Part of the problem seems to be that in many hospitals, technicians work office hours. Expensive equipment, even X-ray, lies unused during the busiest times. That's not in every hospital, but it is in some. I recall waiting during an afternoon with a son who had broken a foot while the radiographer on duty was summoned by taxi to deal with the accumulated backlog. In short, it seemed good enough for the hospital that someone 'on duty' could stay at home until called on. Remember the name of that department, by the way: 'Accident and Emergency'.
Over the years, I have been fortunate in our choice of family doctor. I remember one night my mother was babysitting my then-three-year-old son. We came home to find the child struggling for breath and my mother trying to dial an ambulance. I called my doctor at 1 o'clock in the morning, and fifteen or twenty minutes later he was in the house holding the child over steaming pots of water. My son's breathing eased; possibly his life or his intellect were saved. Hilary was a great doctor, alas long dead, and with him any notion of calling a GP in an emergency.
We are all conditioned to head for A&E, but a HSE report showed that up to 50 per cent of those presenting at A&E had not been to their GP first, and a third of all of those turning up to A&E units could be treated by a properly equipped GP. Think about that. If, say, 300 people turned up at an A&E unit, 100 could have been treated elsewhere.
So why not?
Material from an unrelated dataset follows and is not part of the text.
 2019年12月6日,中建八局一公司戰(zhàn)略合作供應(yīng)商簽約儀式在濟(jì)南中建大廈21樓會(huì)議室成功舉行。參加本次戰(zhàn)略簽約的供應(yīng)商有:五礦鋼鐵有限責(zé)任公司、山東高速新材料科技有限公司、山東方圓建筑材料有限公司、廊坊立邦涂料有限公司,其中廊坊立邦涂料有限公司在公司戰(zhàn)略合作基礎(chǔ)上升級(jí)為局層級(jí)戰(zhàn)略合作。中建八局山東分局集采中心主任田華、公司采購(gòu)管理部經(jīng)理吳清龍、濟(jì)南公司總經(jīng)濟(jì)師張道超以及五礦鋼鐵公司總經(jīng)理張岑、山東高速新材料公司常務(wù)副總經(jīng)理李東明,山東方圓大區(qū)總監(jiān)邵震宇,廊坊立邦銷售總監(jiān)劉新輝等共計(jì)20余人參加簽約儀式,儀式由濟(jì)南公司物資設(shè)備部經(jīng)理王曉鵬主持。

Opening hours are one reason; even large practices don't seem to offer twenty-four-hour cover, though proper shift arrangements could give both doctor and patient advantages.
There is no mandatory equipment level for a GP: hence, some practices are superbly geared up to conduct tests, do minor surgery and even offer a range of specialities; others have equipment levels that have changed little since the 1950s.
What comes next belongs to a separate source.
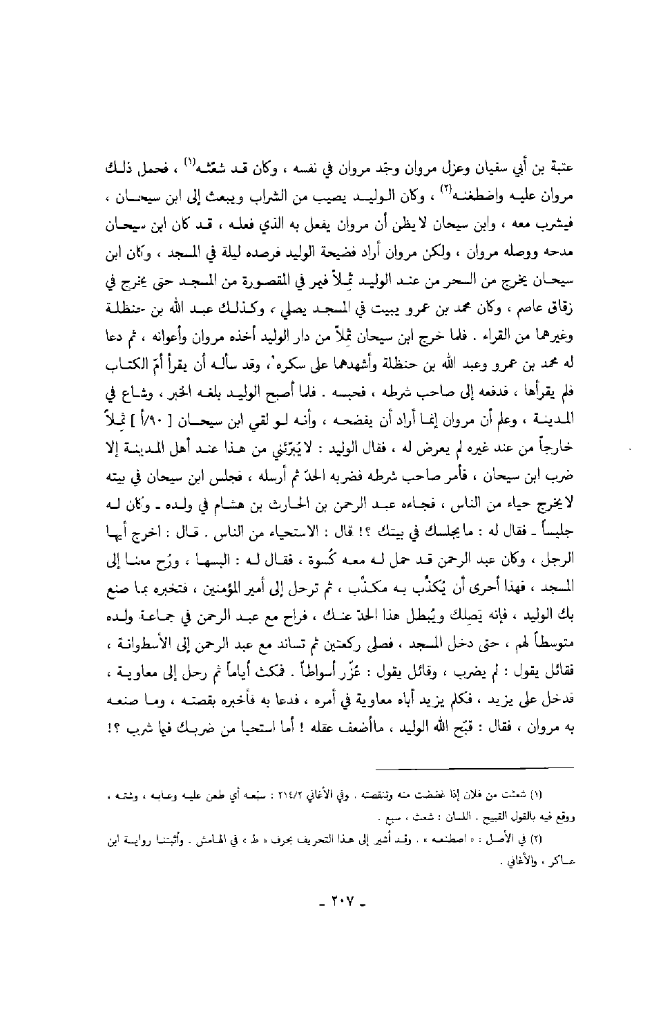 عتبة بن أبي سفيان وعزل مروان وجد مروان في نفسه، وكان قد شعثه، فحمل ذلك مروان عليه واضطغنه، وكان الوليد يصيب من الشراب ويبعث إلى ابن سيحان، فيشرب معه وابن سيحان لا يظن أن مروان يفعل به الذي فعله، قد كان ابن سيحان مدحه ووصله مروان، ولكن مروان أراد فضيحة الوليد فرصده ليلة في المسجد، وكان ابن سيحان يخرج من السحر من عند الوليد ثملاً فيمر في المقصورة من المسجد حتى يخرج في زقاق عاصم، وكان محمد بن عمرو يبيت في المسجد يصلي، وكذلك عبد الله بن حنظلة وغيرهما من القراء. فملا خرج ابن سيحان ثملاً من دار الوليد أخذه مروان وأعوانه، ثم دعا له محمد بن عمرو وعبد الله بن حنظلة وأشهدهما على سكره، وقد سأله أن يقرأ أم الكتاب فلم يقرأها، فدفعه إلى صاحب شرطه، فحبسه. فلما أصبح الوليد بلغه الخبر، وشاع في المدينة، وعلم أن مروان إنما أراد أن يفضحه، وأنه لو لقي ابن سيحان ثملاً خارجاً من عند غيره لم يعرض له، فقال الوليد: لا يبرئني من هذا عند أهل المدينة إلا ضرب ابن سيحان، فأمر صاحب شرطه فضربه الحد ثم أرسله، فجلس ابن سيحان في بيته لا يخرج حياء من الناس، فجاءه عبد الرحمن بن الحارث بن هشام في ولده - وكان له جليساً - فقال له: ما يجلسك في بيتك؟! قال: الاستحياء من الناس. قال: اخرج أيها الرجل، وكان عبد الرحمن قد حمل له معه كسوة، فقال له: البسها، ورح معنا إلى المسجد، فهذا أحرى أن يكذب به مكذب، ثم ترحل إلى أمير المؤمنين، فتخبره بما صنع بك الوليد، فإنه يصلك ويبطل هذا الحد عنك، فراح مع عبد الرحمن في جماعة ولده متوسطاً لهم، حتى دخل المسجد، فصَلَّى اللهُ عَلَيْهِ وَسَلَّمَى الله عليه وسلمى الله عليه وسلمى ركعتين ثم تساند مع عبد الرحمن إلى الأسطوانة، فقائل يقول: لم يضرب، وقائل يقول: عزراً أسواطاً. فمكث أياماً ثم رحل إلى معاوية، فدخل على يزيد، فكلم يزيد، فكلم يزيد أباه معاوية في أمره، فدعا به فأخبره بقصته، وما صنعه به مروان، فقال: قبح الله الوليد، ما اضعف عقله! أما استحيا من ضربك فيما شرب؟!

A few weeks ago, I was at the Irish Medical Organisation (IMO) Annual Conference where there were two interesting examples of denial: one from a junior minister, who, to the great amusement of many, announced that there was no crisis, and the other from the GPs, who insisted that they offered the optimum level of service. That's when up to 50 per cent of those taken ill headed for A&E and avoided them. And remember: a third of all A&E patients could be treated by those GPs. It was clear that some big practices in Cork were doing well with GP cover till 7pm and co-op cover after that, but nationwide, the GP service is uneven and placing an unfair burden on A&E.
Money plays a part. Why pay a GP to refer you to an A&E when you can cut out the middle man and go directly to hospital - pay only once. It might be worth considering deducting the GP fee, if paid, from the A&E charge, if levied, and allowing a practice to advertise its range of services and level of cover. Shock, horror!
Actually stick a notice in the local paper and give GPs offering a good level of service equipment grants. Make it legal for GPs to have their own X-ray equipment - if the dentists can, why not the GPs? Take the handcuffs off the doctors and help them take one-third of patients out of the A&E units, and if they make more money by providing a better service, they will deserve it.
Oh, by the way, at that IMO conference, I heard the very persuasive Professor John Higgins, from Cork University Hospital, make the case for doctors to manage A&E and other services. Well, Prime Time pointed out that the most efficient of A&E units in the State is probably in Kilkenny, and it's run by a doctor. Not a computer expert or an accountant or a personnel officer: a doctor. Now there's a thing!